Gold (XAU) impressive multi-month rally may be entering a cooling phase, as the weekly chart reveals one of the most stretched price structures in recent years. Technical analysis shows that gold's weekly, monthly, and quarterly timeframes are now overextended to the upside, suggesting the metal could be due for a healthy pullback before its next major move.
Weekly Chart Shows Exhaustion Signs
The chart confirms this assessment pretty clearly. Gold climbed almost vertically throughout 2024 and 2025, with buyers stepping in at every pullback as price stayed tight above a rising moving average.
However, recent weekly candles show rejection from the highs near $4,250, with momentum indicators like the RSI pushing into overbought territory. This lines up with warnings that upside momentum is becoming too skewed.
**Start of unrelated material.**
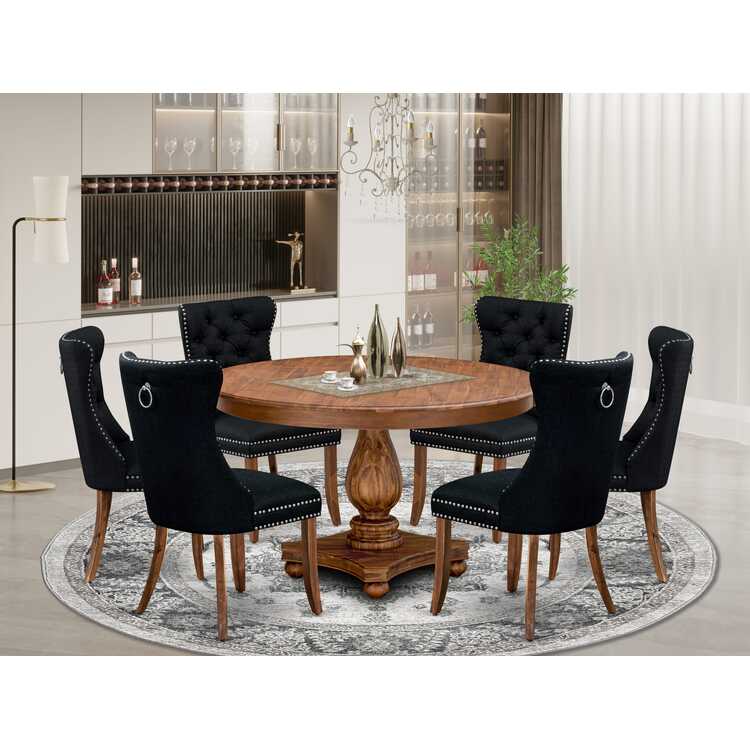 • Luxe by East West Furniture 7 Piece Dining Set with 6 Kitchen chairs Button Backs and a 54 in Finish image - 1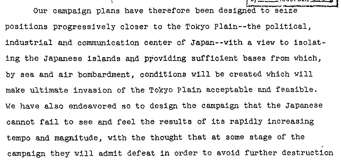 After Okinawa, Kyushu would be attacked, and the Tokyo Plain after that.

Why This Correction Makes Sense
A retracement toward $3,600–$3,700 would actually be structurally healthy. From a technical standpoint, this level lines up with a retest of mid-trend support, allows momentum to cool after a parabolic move, and matches an earlier consolidation zone visible on the chart. This kind of correction wouldn't signal weakness in gold's broader uptrend—it would just represent normal stabilization after a historic rally.
What This Could Mean for Crypto
Here's something interesting: gold consolidation often coincides with renewed strength in risk-on assets, especially crypto. As gold stabilizes, liquidity and speculative appetite may rotate back toward crypto markets, potentially supporting strong upside moves there.
The Takeaway
Gold remains fundamentally strong, but the chart clearly signals that momentum needs to cool before any renewed climb. A pullback to $3,600–$3,700 fits well within normal technical expectations and could set up the next leg higher. Meanwhile, crypto traders might find opportunity if capital temporarily shifts away from precious metals and into risk-driven assets.